Task description
Would you please print exactly the lines that run from the one with "LID MALDI TOF/TOF" to the last line of the data, both included, without any pictures?

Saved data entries
______________________________
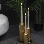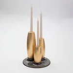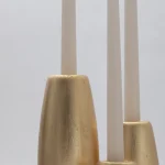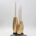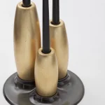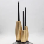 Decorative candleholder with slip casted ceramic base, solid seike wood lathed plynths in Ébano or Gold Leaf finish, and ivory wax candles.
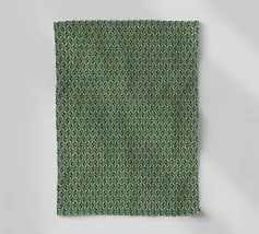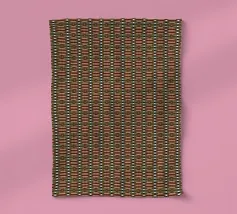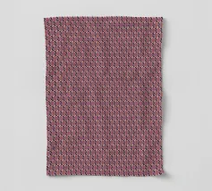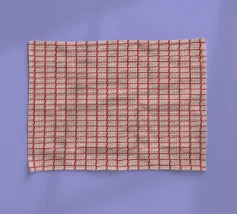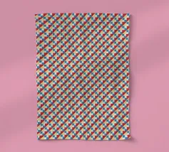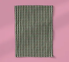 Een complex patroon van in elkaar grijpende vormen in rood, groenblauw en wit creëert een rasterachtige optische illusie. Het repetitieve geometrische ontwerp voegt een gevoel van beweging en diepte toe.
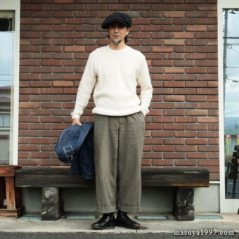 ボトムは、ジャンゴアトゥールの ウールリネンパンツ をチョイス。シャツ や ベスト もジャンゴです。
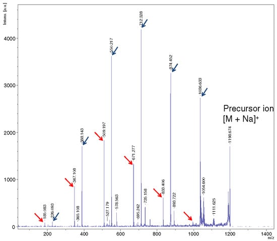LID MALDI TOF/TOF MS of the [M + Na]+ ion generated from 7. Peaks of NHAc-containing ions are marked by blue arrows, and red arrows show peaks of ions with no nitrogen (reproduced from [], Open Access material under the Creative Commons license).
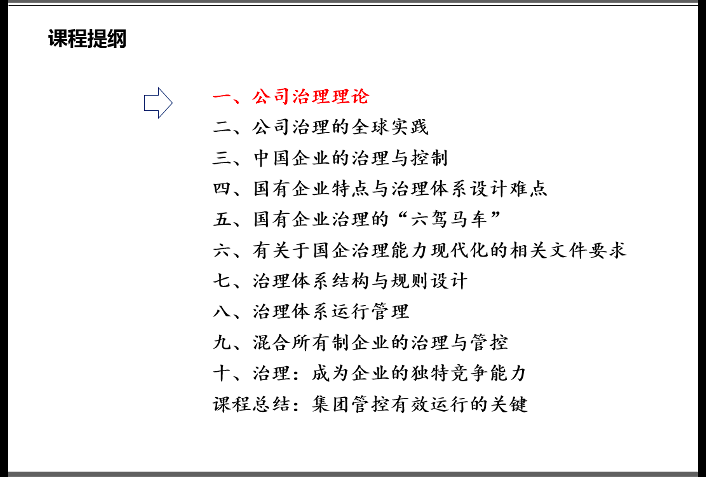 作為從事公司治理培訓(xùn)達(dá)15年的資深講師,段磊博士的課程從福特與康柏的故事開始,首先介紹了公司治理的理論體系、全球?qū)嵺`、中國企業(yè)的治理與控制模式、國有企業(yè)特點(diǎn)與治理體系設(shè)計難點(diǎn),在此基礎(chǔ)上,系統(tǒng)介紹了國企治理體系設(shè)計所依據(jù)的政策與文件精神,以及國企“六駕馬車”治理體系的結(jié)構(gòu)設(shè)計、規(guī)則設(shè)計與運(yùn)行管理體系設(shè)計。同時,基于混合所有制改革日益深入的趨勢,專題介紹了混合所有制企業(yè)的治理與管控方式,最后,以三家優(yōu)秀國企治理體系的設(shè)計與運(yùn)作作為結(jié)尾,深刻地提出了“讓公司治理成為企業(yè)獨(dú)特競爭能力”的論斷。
______________________________
Solution to the exercise
LID MALDI TOF/TOF MS of the [M + Na]+ ion generated from 7. Peaks of NHAc-containing ions are marked by blue arrows, and red arrows show peaks of ions with no nitrogen (reproduced from [], Open Access material under the Creative Commons license).
 作為從事公司治理培訓(xùn)達(dá)15年的資深講師,段磊博士的課程從福特與康柏的故事開始,首先介紹了公司治理的理論體系、全球?qū)嵺`、中國企業(yè)的治理與控制模式、國有企業(yè)特點(diǎn)與治理體系設(shè)計難點(diǎn),在此基礎(chǔ)上,系統(tǒng)介紹了國企治理體系設(shè)計所依據(jù)的政策與文件精神,以及國企“六駕馬車”治理體系的結(jié)構(gòu)設(shè)計、規(guī)則設(shè)計與運(yùn)行管理體系設(shè)計。同時,基于混合所有制改革日益深入的趨勢,專題介紹了混合所有制企業(yè)的治理與管控方式,最后,以三家優(yōu)秀國企治理體系的設(shè)計與運(yùn)作作為結(jié)尾,深刻地提出了“讓公司治理成為企業(yè)獨(dú)特競爭能力”的論斷。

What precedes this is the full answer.